Detail:

Abstract:
　　In a 3D solid, the low energy excitation of the linearly dispersive crossing bands satisfies the Dirac (Weyl) equation. Such band crossing is named as Dirac (Weyl) node (DN or WN), and such solid is known as the topological (Dirac or Weyl) semimetal (DSM or WSM), which exhibit remarkable features, such as Fermi arcs, magnetic monopoles and Weyl anomaly.

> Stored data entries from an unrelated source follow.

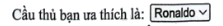 Cầu thủ bạn ưa thích là: <select> <option> Ronaldo </option> <option> Messi</option> <option> Mbappe</option></select>
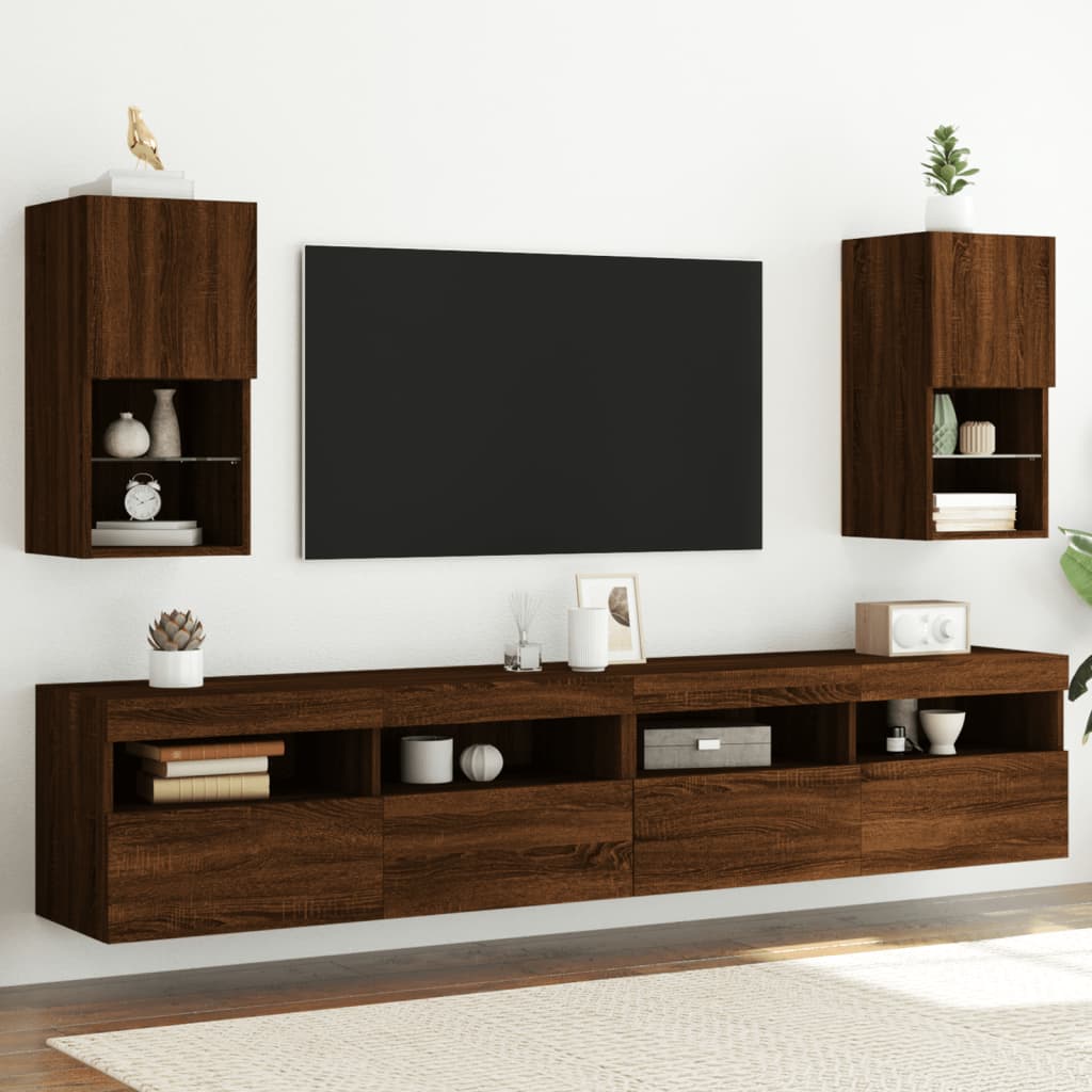 Móveis de TV c/ luzes LED 2 pcs 30,5x30x60 cm carvalho castanho
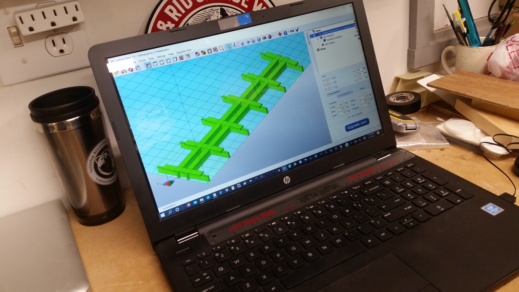 GrantC working on the Gunnison River bridge design. TomG and KentS building the drop shelf and track connections.
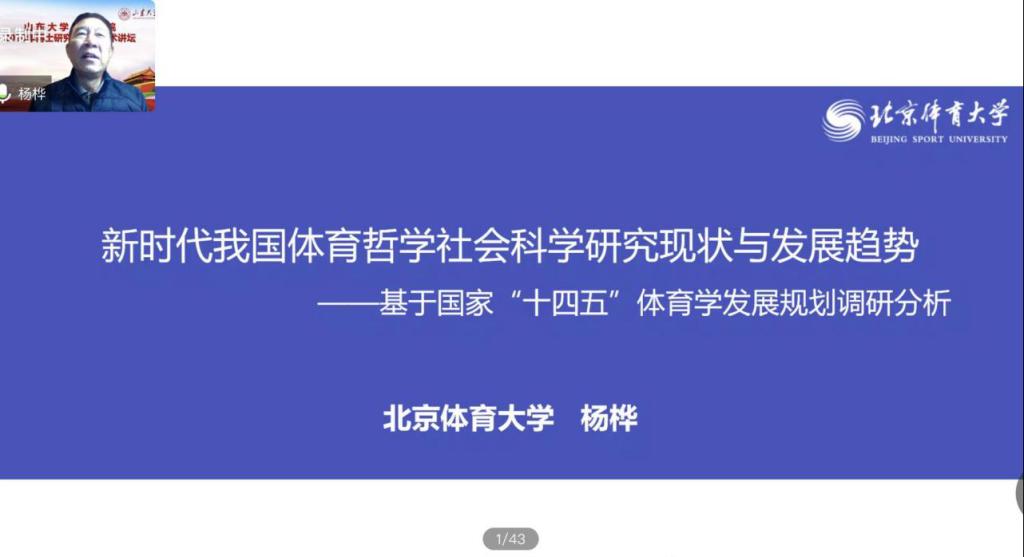 首先,杨桦教授就2016-2020年国家社科和教育部人文社会科学研究课题立项的数量、地区、出版著作和智库建设等方面进行总体介绍。他提出“十三五”期间体育学的二级学科日臻成熟,讲授了体育哲学、体育社会学、体育经济学、体育史学等学科的研究议题与进展,列举了在“十三五”时期取得的重大研究成果。其次,杨桦教授提出在“十三五”期间我国在体育哲学社会学的研究上还存在不足,比如成果转化率、学术原创力和体育学科建设等方面还有问题尚未解决。杨桦教授还对“十四五”时期体育学哲学社会科学将会发展的重点研究领域——国民健康素养与健康促进、健康中国建设与体育强国建设中的法律保障、健康中国和体育强国建设中体育的多元功能与价值等方面进行了详细地讲解。最后,杨桦教授全面概括了“十三五”时期体育学在国家哲学社会科学基金中的发展,为“十四五”时期体育学的建设和发展表明了方向。讲座结束后,参会师生就“十四五”期间在国家从全面建成小康社会到全面建设社会主义现代化国家背景下体育学科的走向、后疫情时代体育产业未来发展、体教融合以及体育文化繁荣与发展等问题进行交流。杨桦教授都耐心地对每个问题作出了详细的解答,现场交流气氛十分热烈。

In this talk, I will introduce three works on magnetic topological semimetals. 1. Ferromagnetic HgCr₂Se₄, the only known of double-Weyl semimetal, where the quantum anomalous Hall effect can be achieved in its quantum-well structure. 2. The long-pursuing ideal WSM realized in the non-collinear magnetic GdSI. We demonstrate that fruitful topological phases can be realized in a specific honeycomb lattice, including the ideal Weyl semimetal, double-Weyl semimetal, 3D strong topological insulator, nodal-line semimetal, and a novel semimetal consisting of both Weyl nodes and nodal-lines. 3. Anti-ferromagnetic (AFM) DSM realized in the interlayer AFM EuCd₂As₂. In this work, we generalize the concept of DSM to the magnetic space groups (MSGs), and define a new category of DSM in type IV MSGs. Many exotic topological states, such as the triple point semimetal and the AFM topological insulator holding of the half-quantum Hall effect can be derived from such AFM DSMs by breaking certain symmetry, providing an ideal platform to study topological phase transitions.